▸ THE PROBLEM
Take the line with "赤ちゃんにとって指しゃぶりは" and every line after it in the entries below, and set them down exactly, without any pictures.

(Items from a data source)

__________

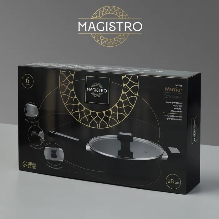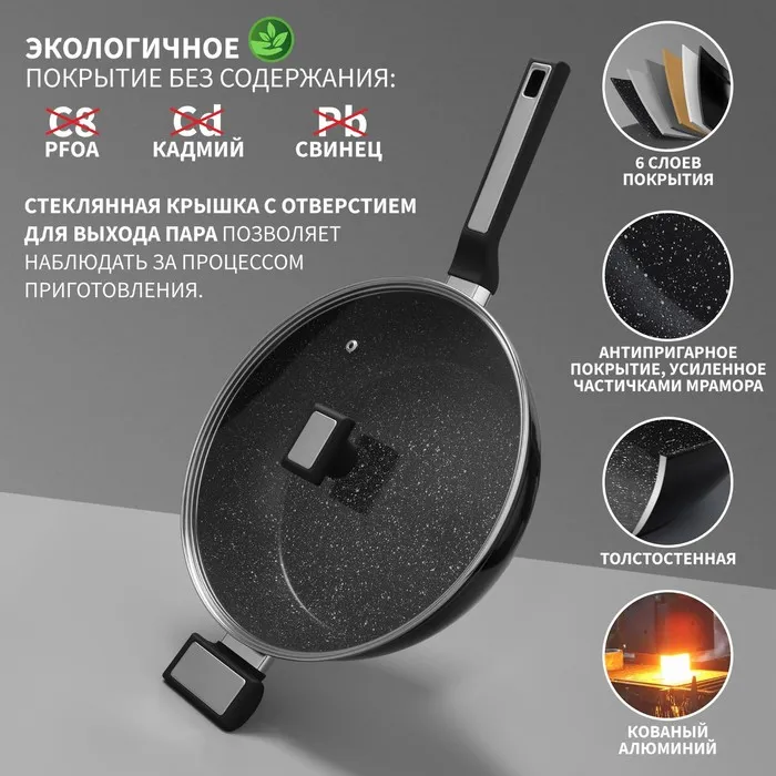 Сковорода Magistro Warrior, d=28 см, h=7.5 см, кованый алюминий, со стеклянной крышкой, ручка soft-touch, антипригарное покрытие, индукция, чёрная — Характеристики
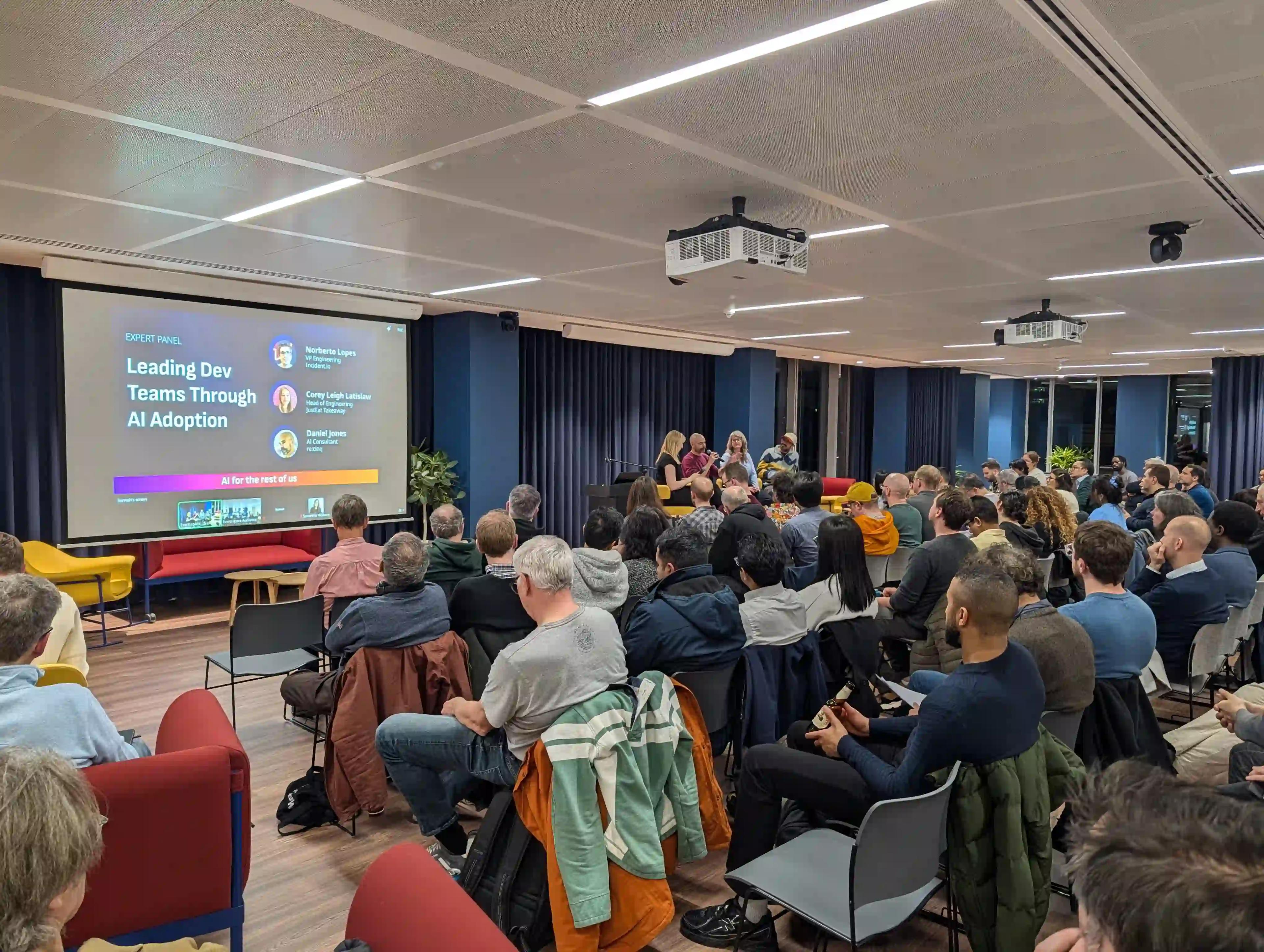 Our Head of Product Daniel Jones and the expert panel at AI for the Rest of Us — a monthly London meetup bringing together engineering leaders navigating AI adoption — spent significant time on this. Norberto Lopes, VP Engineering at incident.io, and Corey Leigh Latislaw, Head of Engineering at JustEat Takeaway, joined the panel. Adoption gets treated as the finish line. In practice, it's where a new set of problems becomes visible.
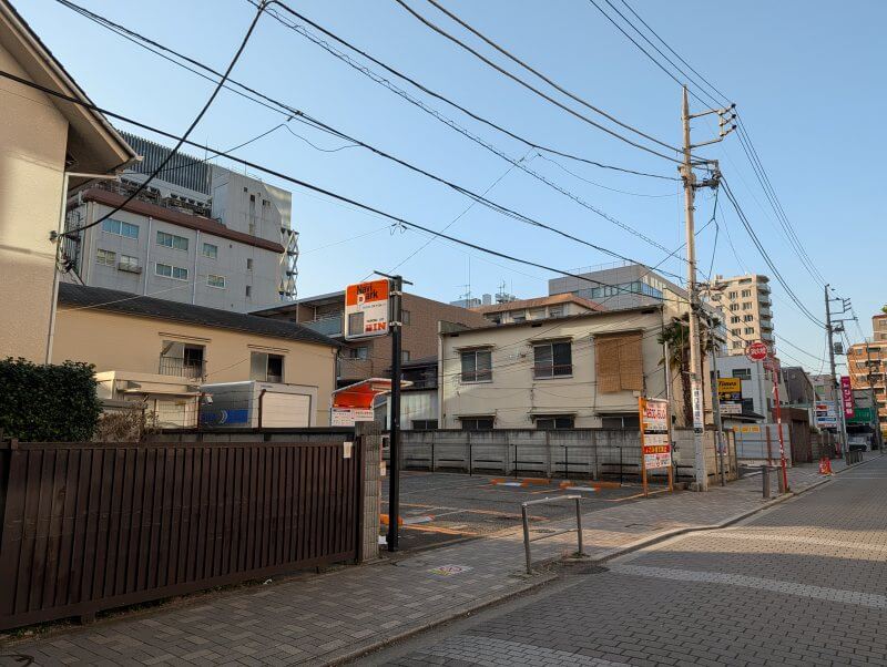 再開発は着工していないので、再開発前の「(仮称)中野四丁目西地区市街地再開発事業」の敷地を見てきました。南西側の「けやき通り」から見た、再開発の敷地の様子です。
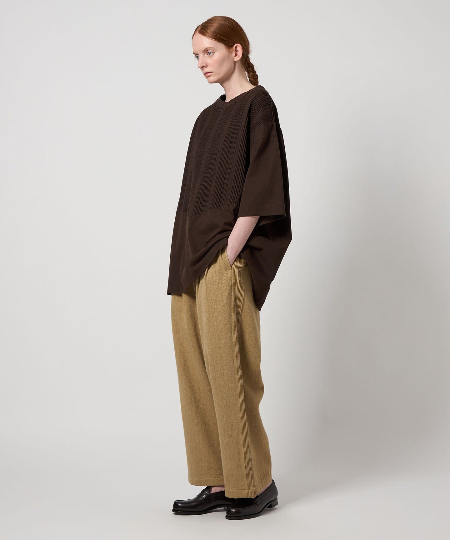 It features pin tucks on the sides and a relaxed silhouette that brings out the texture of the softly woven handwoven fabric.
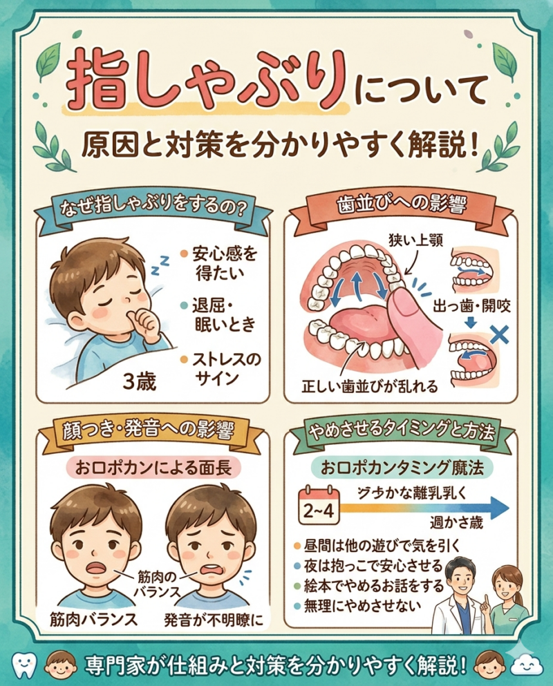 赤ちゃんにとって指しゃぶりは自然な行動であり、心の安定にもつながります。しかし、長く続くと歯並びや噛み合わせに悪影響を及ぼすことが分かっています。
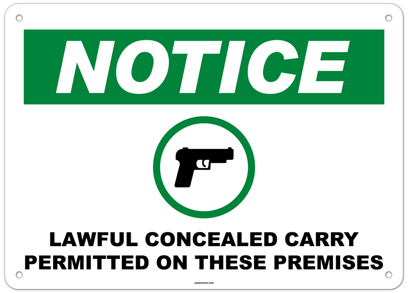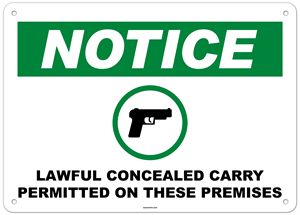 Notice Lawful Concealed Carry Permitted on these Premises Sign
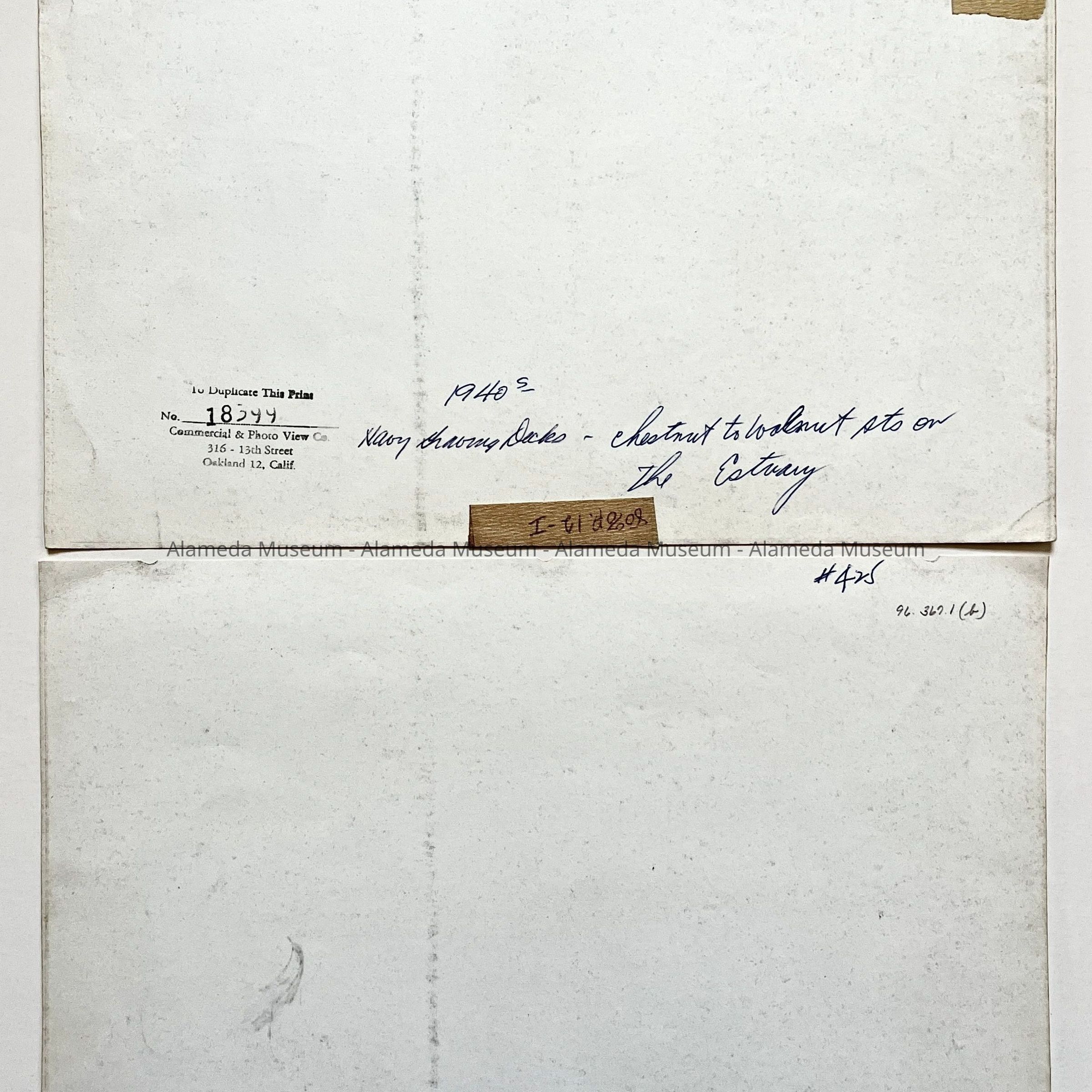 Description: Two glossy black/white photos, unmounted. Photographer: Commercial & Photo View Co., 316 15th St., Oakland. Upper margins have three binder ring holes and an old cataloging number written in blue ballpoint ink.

__________

▸ WRITTEN SOLUTION
 赤ちゃんにとって指しゃぶりは自然な行動であり、心の安定にもつながります。しかし、長く続くと歯並びや噛み合わせに悪影響を及ぼすことが分かっています。
 Notice Lawful Concealed Carry Permitted on these Premises Sign
 Description: Two glossy black/white photos, unmounted. Photographer: Commercial & Photo View Co., 316 15th St., Oakland. Upper margins have three binder ring holes and an old cataloging number written in blue ballpoint ink.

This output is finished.